I think "active use" is a better approach to restricting
ourselves to only locale encodings, since the latter are
slowly converging towards UTF-8 :-)

BTW: Once a charmap style codec is written, there is little
change, so the maintenance is minimal. Codecs which include
more active logic such as this one are different, of course,
and therefore may potentially add more maintenance burden.
msg280779 - (view) Author: Serhiy Storchaka (serhiy.storchaka) * (Python committer) Date: 2016-11-14 15:02
> My rule is more to only added encodings used (in practice) as locale encodings.

Just for reference: issue19459, issue21081, issue22679, issue20087.

> @Serhiy: Do you think that the encoding is popular enough to pay the
price of its maintainance?

Yes, it seems to me that the encoding still in use.

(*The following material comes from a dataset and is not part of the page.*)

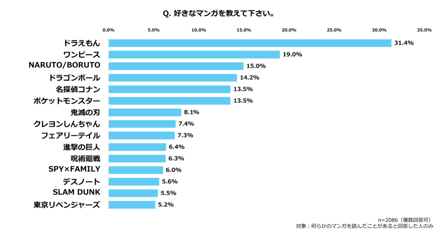 好きなマンガは上位から『ドラえもん』(31.4%)、次いで『ワンピース』(19.0%)、『NARUTO/BORUTO』(15.0%)となり、10年以上継続している作品群が上位を占めました。近年の作品群では、『鬼滅の刃』(8.1%)、『進撃の巨人』(6.4%)、『呪術廻戦』(6.3%)などが人気を集めるも、10.0%未満にとどまりました。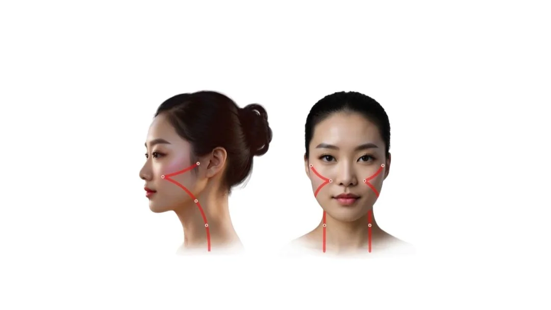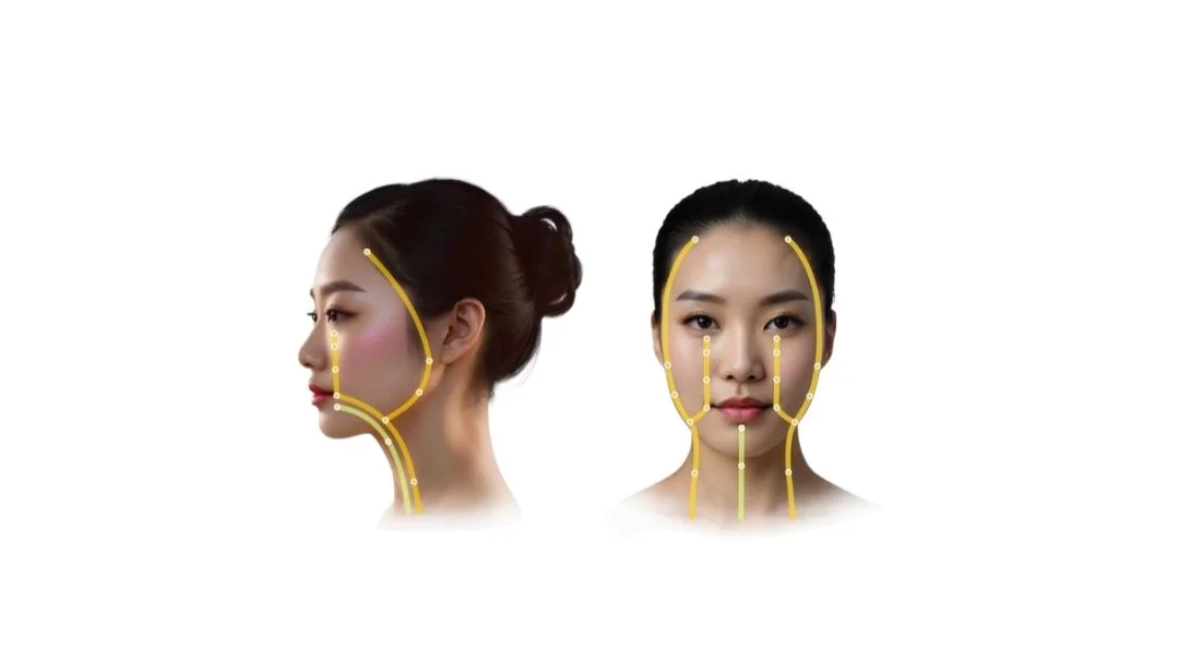“These gentle curves along the cheeks represent the Small and Large Intestine meridians, they help with both physical and emotional detoxification. Releasing stagnation here clears the skin and lightens emotional heaviness.”

I found questions about decoding from ISO 6937 and implementations for different programming languages.
msg280783 - (view) Author: STINNER Victor (vstinner) * (Python committer) Date: 2016-11-14 15:39
Ok. I'm not waiting for a simpler patch reusing existing charmap
functions to see the complexity of the codec ;-)
msg281746 - (view) Author: John Helour (John Helour) * Date: 2016-11-25 22:22
PEP8 compliant, added missing codepoints, utf-8 to \uXXXX rewrited
msg281748 - (view) Author: John Helour (John Helour) * Date: 2016-11-25 22:35
@mdk

Big thanks for the checker.

>Looks like your implementation is missing some codepoints, like "\t":
>
>    >>> >print("\t".encode(encoding='iso6937'))                                                    
>    [...]
>    UnicodeError: encoding with 'iso6937' codec failed (UnicodeError: Unacceptable utf-8 character)

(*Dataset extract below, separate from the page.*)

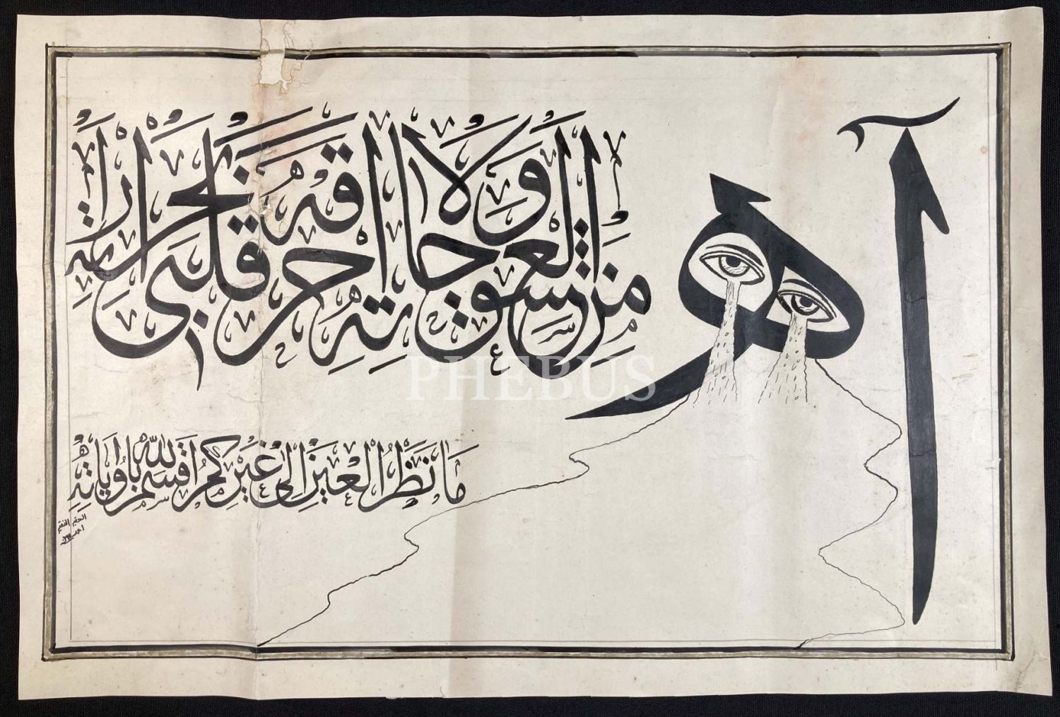 Celî Sülüs Yazı, "Ah mine'l-aşk ve hâlâtihî", Ahmed ketebeli, 1371 tarihli, 44x30 cm

The '\t'  character is undefined in the iso6937 table, like all chars within the range 0x00 - 0x1F. I don't know how to handle such input for conversion.
msg281774 - (view) Author: Julien Palard (mdk) * (Python committer) Date: 2016-11-26 13:21
According to https://webstore.iec.ch/preview/info_isoiec6937%7Bed3.0%7Den.pdf:

> NOTE: The shaded positions 00/00 to 01/15 and 07/15 to 09/15 are outside the scope of this International Standard.

So it's clear to me that they are not undefined, they are just described elsewhere.

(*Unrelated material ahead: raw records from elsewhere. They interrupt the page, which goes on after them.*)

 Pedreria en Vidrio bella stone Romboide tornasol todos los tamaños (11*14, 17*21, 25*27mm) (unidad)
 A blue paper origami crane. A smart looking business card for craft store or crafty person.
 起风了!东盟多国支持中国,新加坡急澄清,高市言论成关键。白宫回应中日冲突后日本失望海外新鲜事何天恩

According to https://en.wikipedia.org/wiki/ISO/IEC_6937:
>ISO/IEC 6937:2001, [...] is a multibyte extension of ASCII

Also, the glibc charmap for ISO_6937 define them:

$ head -n 20 localedata/charmaps/ISO_6937
<code_set_name> ISO_6937
<comment_char> %
<escape_char> /
% version: 1.0
%  source: ECMA registry and ISO/IEC 6937:1992

% alias ISO-IR-156
% alias ISO_6937:1992
% alias ISO6937
CHARMAP
<U0000>     /x00         NULL (NUL)
<U0001>     /x01         START OF HEADING (SOH)
<U0002>     /x02         START OF TEXT (STX)
<U0003>     /x03         END OF TEXT (ETX)
<U0004>     /x04         END OF TRANSMISSION (EOT)
<U0005>     /x05         ENQUIRY (ENQ)
<U0006>     /x06         ACKNOWLEDGE (ACK)
<U0007>     /x07         BELL (BEL)
<U0008>     /x08         BACKSPACE (BS)
<U0009>     /x09         CHARACTER TABULATION (HT)

Finally, if we're not implementing this range, this mean we have _no_ way to encode a new line, which looks highly strange to me, newline being a commonly used character.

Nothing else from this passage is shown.